As well as a train every hour on Berlin Hbf-Köln Hbf, why not a train every hour on Köln Hbf-Bruxelles-Midi, Frankfurt(Main) Hbf-Paris Est, Berlin Hbf-Warszawa Centralna etc. – and from early morning to late evening? For some of these connections the infrastructure exists already, for others changes or improvements might be required. But with the emphasis on journey time and regular services, not necessarily on direct service. Do I need a Mannheim Hbf-Paris Est direct service if I could connect simply in Karlsruhe Hbf onto an hourly Stuttgart Hbf-Paris Est service? Or if an hourly Praha hlavní nádraží-Wien Hbf allowed cross-platform connections at Břeclav for Bratislava hlavná stanica and Budapest Keleti?
The emphasis would be simple: for every InterCity rail trip (even cross border) with a total journey time of 4 hours or less (possibly with a case to be made for up to 6 hours), there should be a departure every hour between 4/5am and 9/10pm, all day, every day. That would not mean a direct train every hour though.
What about longer distances and longer trip times I hear you wonder? The crucial tipping point is somewhere between 4 and 6 hours – longer than that and few people want to take the train. They would normally fly instead. But for that long distance segment a network of night trains is the best bet – point to point, with longer journey times and more possible padding in the timetables. How to accomplish that is explained in this earlier post of mine.

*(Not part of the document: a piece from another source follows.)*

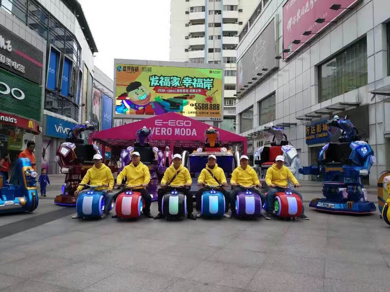 廣西南寧萬達(dá)廣場為進(jìn)一步豐富市民娛樂活動,于2016年12月跟我司合作,采購一批游樂設(shè)備,包括6臺鋼鐵俠成人版,六臺太子摩托,兩臺兒童版鋼鐵俠,兩臺樂逍遙等游樂設(shè)備,目前正在廣場火爆運營中。
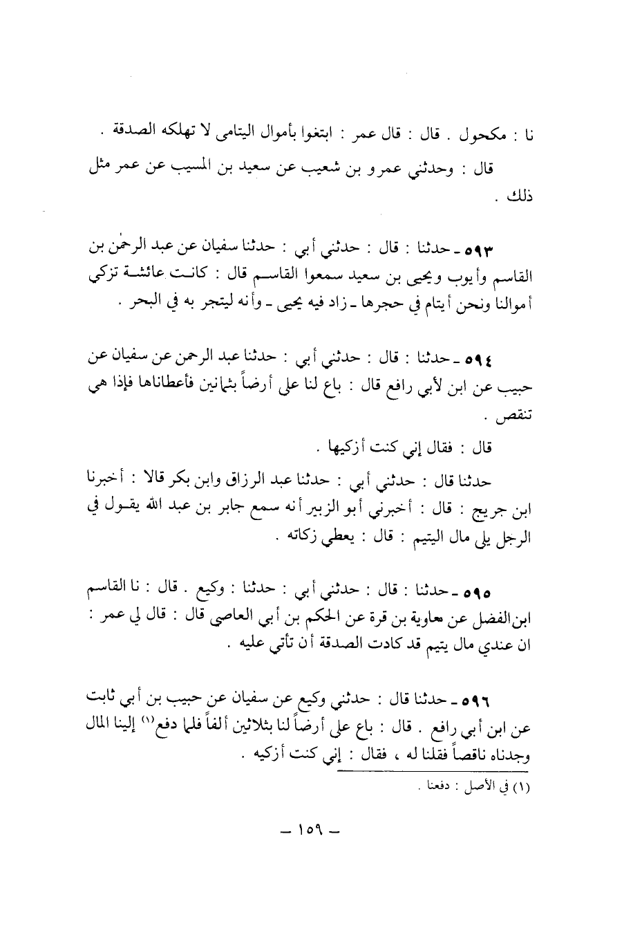 593 - حَدثنَا قَالَ حَدثنِي ابي حَدثنَا سُفْيَان عَن عبد الرَّحْمَن بن الْقَاسِم وَأَيوب وَيحيى بن سعيد سمعُوا الْقَاسِم قَالَ كَانَت عَائِشَة تزكي اموالنا وَنحن ايتام فِي حجرها زَاد فِيهِ يحيى وانه ليتجر بِهِ فِي الْبَحْر

I do not know if the Europeanisation of Deutschlandtakt into Europatakt is right. But the concept of Europatakt would give cross-border rail in the EU a coherent vision for the future, an aim to work towards. And an overarching aim of rail policy in the European Union has been sorely missing until now. Could this be the way forward?
(Note: this piece explicitly does not mention Andi Scheuer’s TEE2.0 plans, that seem to me to be the opposite of what he is advocating in Germany with Deutschlandtakt – very long distance daytime trains complemented by night trains, and without any actual means to make those happen. TEE2.0 looks to me a policy driven by nostalgia and a Kraftwerk song, not a workable plan.)
This article was originally published on the Jon Worth Euroblog and was reposted with permission.
Photo by Rob Dammers on Flickr.
Note: The views expressed in this post are those of the author, and not of the UCL European Institute, nor of UCL.